Di luar itu, adat jawa dan kepercayaan masyarakat turut memengaruhi bangunan ini, misalnya, tanah pijakan rumah yang dibuat lebih tinggi dari sekelilingnya.
3. Rumah Limasan Lambangsari
Rumah adat Jawa Timur limasan lambangsari berbentuk limas, sesuai dengan namanya. Rumah adat ini terbilang unik dengan konstruksi atapnya dibuat serupa balok penyambung.
Untuk tiang rumahnya ada sebanyak 16 buah dengan atap empat sisi. Lalu pondasinya berbentuk umpak dengan alas tiang dari batu, dan ada purus di tengah tiang bawah sebagai pengunci tiang bangunan.
4. Rumah Limasan Trajumas Lawakan

Rumah adat Jawa Timur satu ini merupakan pengembangan dari limasan trajumas. Rumah adat jenis lawakan memiliki balai atau teras di sekeliling bangunan utama.
Bangunan emper tersebut didesain dengan kemiringan berbeda-beda dibandingkan atap utama bangunan. Kemudian, terdapat empat sisi atap pada bangunan yang masing-masing sisinya bersusun dua dan dihubungkan dengan sebuah “bubungan”. Sementara untuk penyangga, rumah ini menggunakan 20 tiang sebagai struktur utama bangunan.
5. Rumah Osing

Seperti namanya, rumah osing merupakan rumah adat Jawa Timur milik Suku Osing di wilayah Banyuwangi. Rumah ini memiliki beberapa jenis, yaitu Baresan, Crocogan, dan Tikel Balung.
Ketiganya dibedakan berdasarkan rab atau jumlah bidang atapnya. Baresan memiliki empat rab, crocogan memiliki 2 rab, dan tikel balung memiliki empat rab.
Tidak ada ritual khusus dalam membangun rumah adat ini. Namun, masyarakat Osing melarang rumah dibangun menghadap gunung dan harus menghadap ke jalan.
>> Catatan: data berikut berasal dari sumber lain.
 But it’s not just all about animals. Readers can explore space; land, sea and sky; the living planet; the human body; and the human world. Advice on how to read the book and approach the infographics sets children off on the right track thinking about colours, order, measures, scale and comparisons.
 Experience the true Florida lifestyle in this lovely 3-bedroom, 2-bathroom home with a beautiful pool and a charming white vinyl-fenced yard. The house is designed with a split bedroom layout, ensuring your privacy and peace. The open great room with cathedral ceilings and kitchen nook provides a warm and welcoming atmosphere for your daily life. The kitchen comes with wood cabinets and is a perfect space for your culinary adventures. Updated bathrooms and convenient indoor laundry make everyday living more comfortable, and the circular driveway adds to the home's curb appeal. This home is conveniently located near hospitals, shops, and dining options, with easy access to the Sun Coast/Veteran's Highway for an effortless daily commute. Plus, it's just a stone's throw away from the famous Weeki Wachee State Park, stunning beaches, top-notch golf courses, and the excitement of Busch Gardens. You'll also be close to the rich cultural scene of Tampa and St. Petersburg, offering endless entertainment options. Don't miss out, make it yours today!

Berbeda dengan rumah joglo yang besar, karakter rumah osing cukup sederhana. Sebab, biasanya hanya dihuni keluarga utuh saja. Bagian depan ditempati oleh anak-anak, sementara bagian belakang untuk orang tua.
6. Rumah Suku Tengger

Rumah adat Jawa Timur ini bisa ditemui di masyarakat Suku Tengger yang mendiami lereng Gunung Bromo. Ciri rumah adat ini sangat sederhana, memiliki atap runcing dan meninggi.
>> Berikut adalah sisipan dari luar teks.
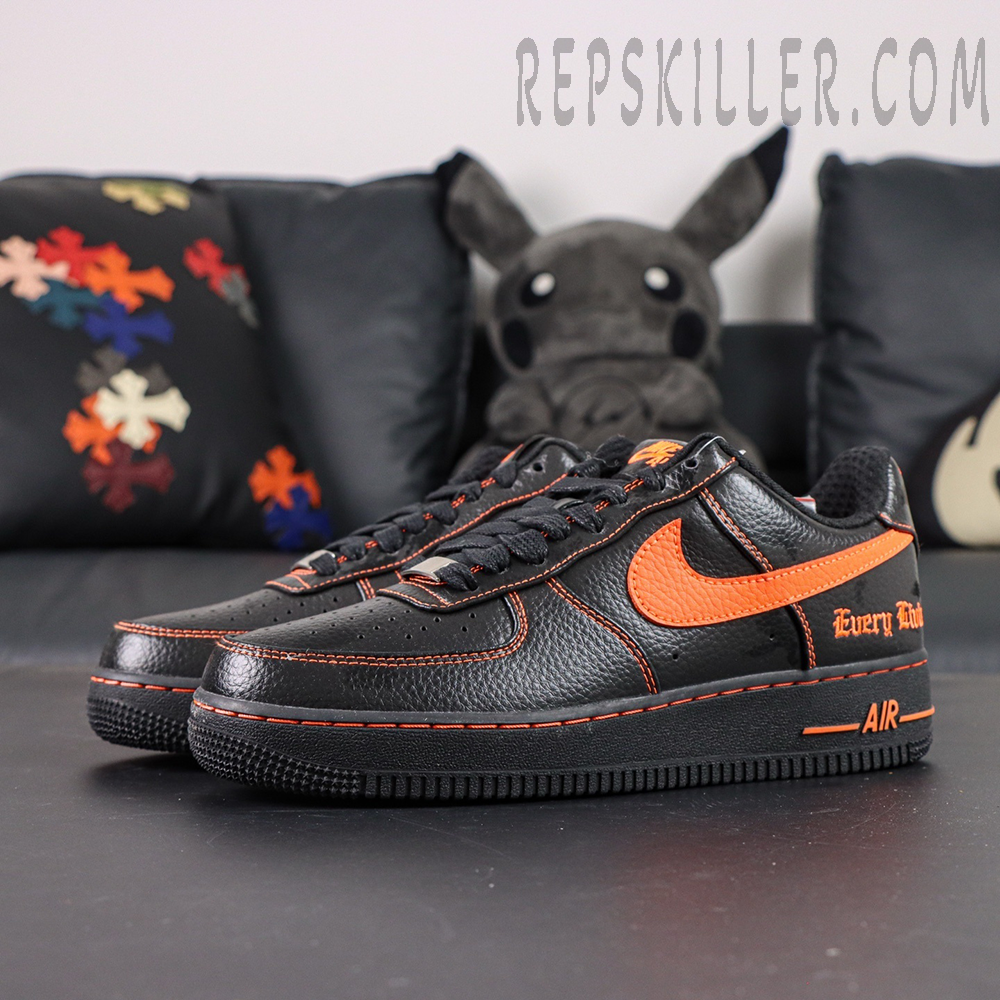 The Vlone x NikeLab Air Force 1 ‘Vlone’ first debuted at ComplexCon 2016, created by VLONE founder A$AP Bari. The design features a premium black leather upper accented by a bold neon orange Swoosh and matching contrast stitching. Signature VLONE branding appears on the heel tab, while the phrase “Every Living Creature Dies Alone” is embroidered across the heels, adding a striking personal touch. Re-released in 2017 at a Harlem pop-up, this collaboration remains one of the most sought-after AF1 drops in streetwear history.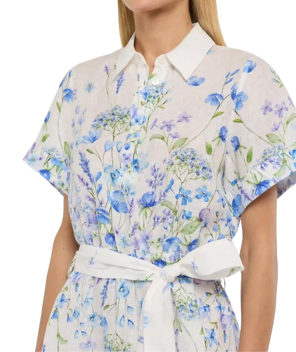 Mc2 Saint Barth Abito Corto in Fantasia Linen Flower Blue Joseline Multicolore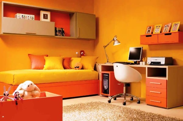 Orange is an exciting and vibrant color, which provides a good alternative for decorating. However, don’t let it dominate too much in the space, and use it in detail and decorative items, combined with neutral tones and simple patterns. This color fits the thematic arrangement of rooms in safari style or sports-themed rooms.

Rumah adat Tengger memiliki desain bentuk yang di sesuaikan dengan keadaan alam sekitar sehingga mampu beradaptasi dan menjadi hunian yang nyaman untuk tinggal. Ciri utama bentuk rumah adat Tengger tidak bertingkat dan hanya memiliki dua jendela. Sementara di bagian depan terdapai balai untuk bersantai.
7. Rumah Dhurung Bawean

Rumah adat Jawa Timur dhurung Bawean bisa dijumpai di Pulau Bawean, Kabupaten Gresik, khususnya di daerah Pudakit, Kecamatan Sangkapura.
Disebut rumah dhurung karena pada rumah adat Bawean ini terdapat dhurung, yaitu balai kecil berukuran 2x3 meter yang terpisah dengan bangunan rumah utama. Fungsinya dhurung ini untuk menerima tamu yang sifatnya nonformal atau sekadar bersantai dan beristirahat setelah pulang bekerja.
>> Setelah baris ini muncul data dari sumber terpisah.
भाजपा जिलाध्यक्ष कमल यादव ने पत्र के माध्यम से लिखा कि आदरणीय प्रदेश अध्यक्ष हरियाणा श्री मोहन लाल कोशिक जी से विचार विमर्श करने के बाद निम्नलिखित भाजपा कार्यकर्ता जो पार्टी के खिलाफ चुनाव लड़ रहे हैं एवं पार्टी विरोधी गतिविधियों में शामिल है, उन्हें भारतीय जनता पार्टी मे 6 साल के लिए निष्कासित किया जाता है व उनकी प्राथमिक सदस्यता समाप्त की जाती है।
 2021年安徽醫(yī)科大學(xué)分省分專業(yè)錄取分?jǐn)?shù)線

Selain sebagai tempat istirahat dhurung juga difungsikan sebagai lumbung padi atau hasil panen lainnya yang diletakan pada bagian atasnya. Jika dilihat sekilas, dhurung ini mirip gazebo pada rumah-rumah moderen saat ini.
Bagian rangka dan papan dudukan terbuat dari kayu. Sedangkan atapnya terbuat dari rumbia yang dalam bahasa bawean disebut dheun. Kayu yang digunakan biasanya kayu jati atau kayu lokal yang ada disekitar Bawean.
Bagian yang cukup menarik dari dhurung ini yakni pada ukiran di beberapa bagian seperti tiang serta adanya jhelepang yaitu semacam jebakan atau penghambat tikus sehingga dapat melindungi lumbung padi.